THE TASK => When you reach the line with "Zwischen weniger Diebstahl" in the records below, begin transcribing exactly and continue up to and including the line with "Foderiamo una pirofila", leaving out every picture.

INFORMATION SHOWN =>
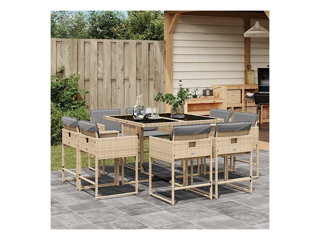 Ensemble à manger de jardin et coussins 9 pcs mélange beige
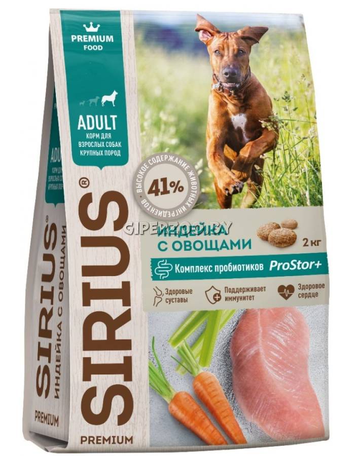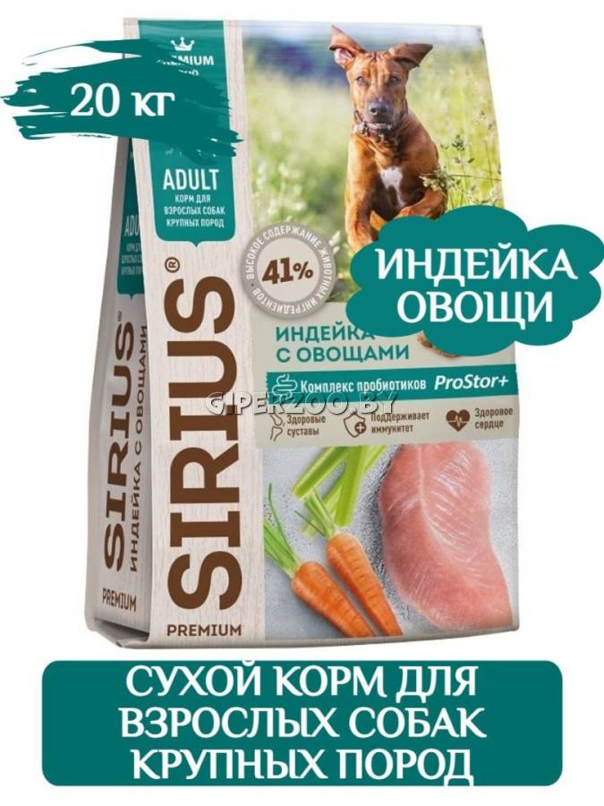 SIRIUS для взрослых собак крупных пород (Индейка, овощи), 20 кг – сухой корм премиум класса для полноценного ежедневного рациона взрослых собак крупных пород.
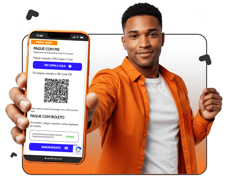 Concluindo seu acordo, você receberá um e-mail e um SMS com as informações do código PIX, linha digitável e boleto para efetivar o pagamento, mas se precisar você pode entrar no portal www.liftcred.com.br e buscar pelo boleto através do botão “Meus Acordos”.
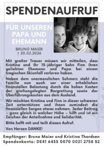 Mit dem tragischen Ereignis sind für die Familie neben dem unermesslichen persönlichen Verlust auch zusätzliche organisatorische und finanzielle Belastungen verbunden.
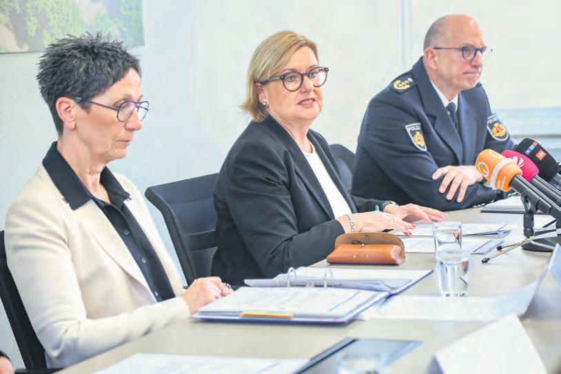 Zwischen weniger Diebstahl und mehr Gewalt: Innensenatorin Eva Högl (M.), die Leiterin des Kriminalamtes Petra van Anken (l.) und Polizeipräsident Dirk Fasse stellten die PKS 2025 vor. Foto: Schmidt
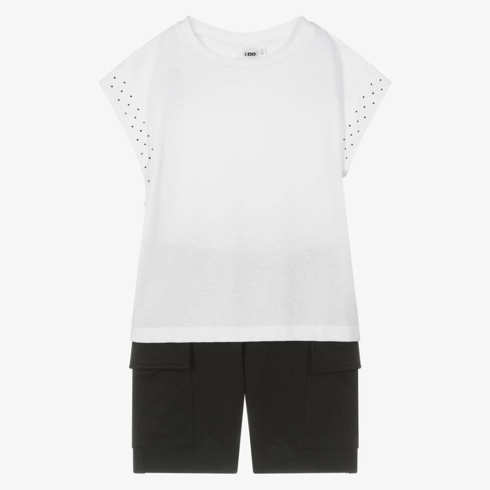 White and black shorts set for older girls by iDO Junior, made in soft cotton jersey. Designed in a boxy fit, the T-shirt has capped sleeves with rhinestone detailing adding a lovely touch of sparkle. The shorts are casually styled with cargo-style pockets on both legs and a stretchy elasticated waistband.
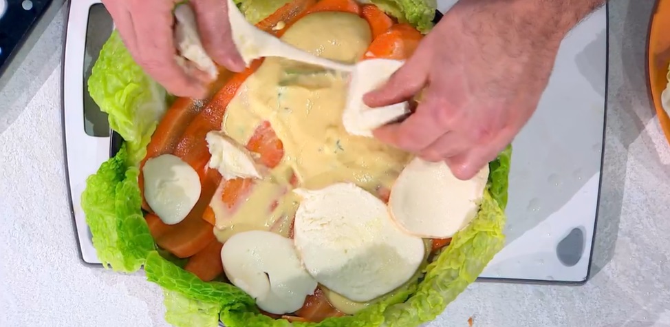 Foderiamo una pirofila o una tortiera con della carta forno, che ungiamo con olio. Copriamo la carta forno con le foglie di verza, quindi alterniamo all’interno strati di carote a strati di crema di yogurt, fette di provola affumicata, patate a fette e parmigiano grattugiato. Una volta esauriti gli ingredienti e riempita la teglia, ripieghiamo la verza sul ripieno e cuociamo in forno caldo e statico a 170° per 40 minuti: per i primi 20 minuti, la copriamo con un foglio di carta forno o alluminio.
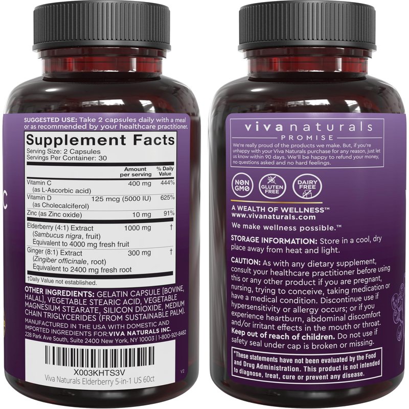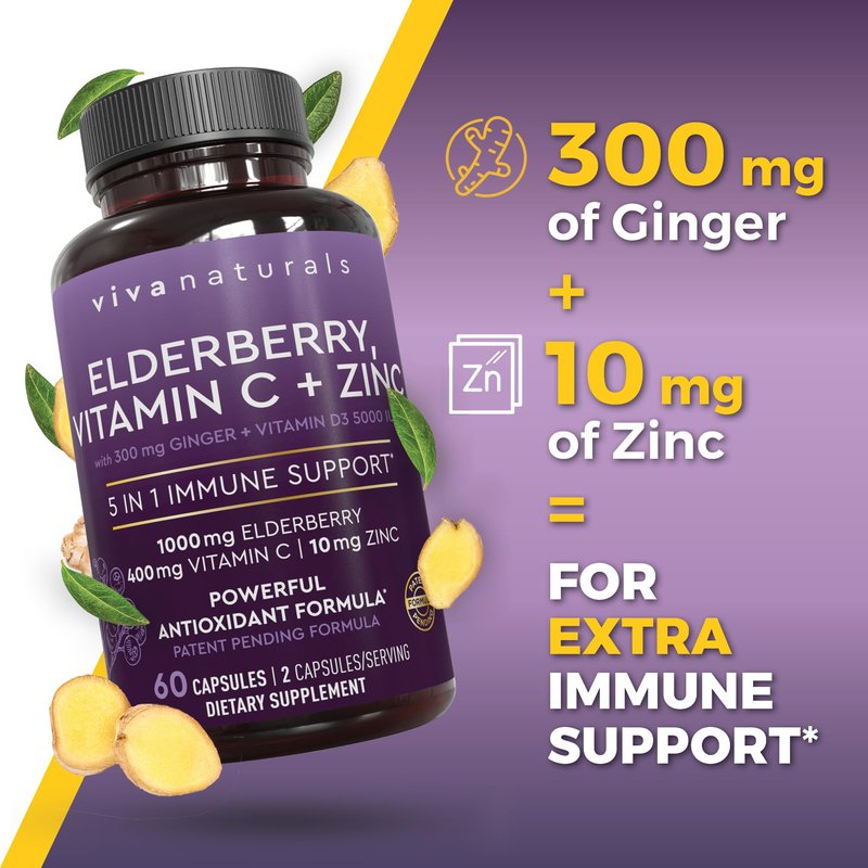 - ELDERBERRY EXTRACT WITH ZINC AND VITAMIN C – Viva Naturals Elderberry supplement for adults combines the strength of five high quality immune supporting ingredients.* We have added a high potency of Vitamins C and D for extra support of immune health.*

---

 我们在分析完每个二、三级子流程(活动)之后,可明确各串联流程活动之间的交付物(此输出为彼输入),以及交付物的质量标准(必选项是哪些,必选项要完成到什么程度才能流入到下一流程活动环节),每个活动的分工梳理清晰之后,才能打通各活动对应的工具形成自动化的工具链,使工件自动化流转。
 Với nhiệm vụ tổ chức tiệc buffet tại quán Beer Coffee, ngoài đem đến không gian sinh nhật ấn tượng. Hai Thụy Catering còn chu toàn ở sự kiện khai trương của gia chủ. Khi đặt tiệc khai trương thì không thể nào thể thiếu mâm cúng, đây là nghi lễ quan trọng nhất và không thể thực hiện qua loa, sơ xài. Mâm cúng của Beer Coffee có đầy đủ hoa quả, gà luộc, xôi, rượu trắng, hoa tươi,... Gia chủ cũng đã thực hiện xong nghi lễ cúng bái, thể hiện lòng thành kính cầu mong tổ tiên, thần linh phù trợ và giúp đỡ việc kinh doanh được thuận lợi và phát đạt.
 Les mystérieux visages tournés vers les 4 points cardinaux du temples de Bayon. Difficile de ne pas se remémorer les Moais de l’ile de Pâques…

RESPONSE BOX =>
 Zwischen weniger Diebstahl und mehr Gewalt: Innensenatorin Eva Högl (M.), die Leiterin des Kriminalamtes Petra van Anken (l.) und Polizeipräsident Dirk Fasse stellten die PKS 2025 vor. Foto: Schmidt
 White and black shorts set for older girls by iDO Junior, made in soft cotton jersey. Designed in a boxy fit, the T-shirt has capped sleeves with rhinestone detailing adding a lovely touch of sparkle. The shorts are casually styled with cargo-style pockets on both legs and a stretchy elasticated waistband.
 Foderiamo una pirofila o una tortiera con della carta forno, che ungiamo con olio. Copriamo la carta forno con le foglie di verza, quindi alterniamo all’interno strati di carote a strati di crema di yogurt, fette di provola affumicata, patate a fette e parmigiano grattugiato. Una volta esauriti gli ingredienti e riempita la teglia, ripieghiamo la verza sul ripieno e cuociamo in forno caldo e statico a 170° per 40 minuti: per i primi 20 minuti, la copriamo con un foglio di carta forno o alluminio.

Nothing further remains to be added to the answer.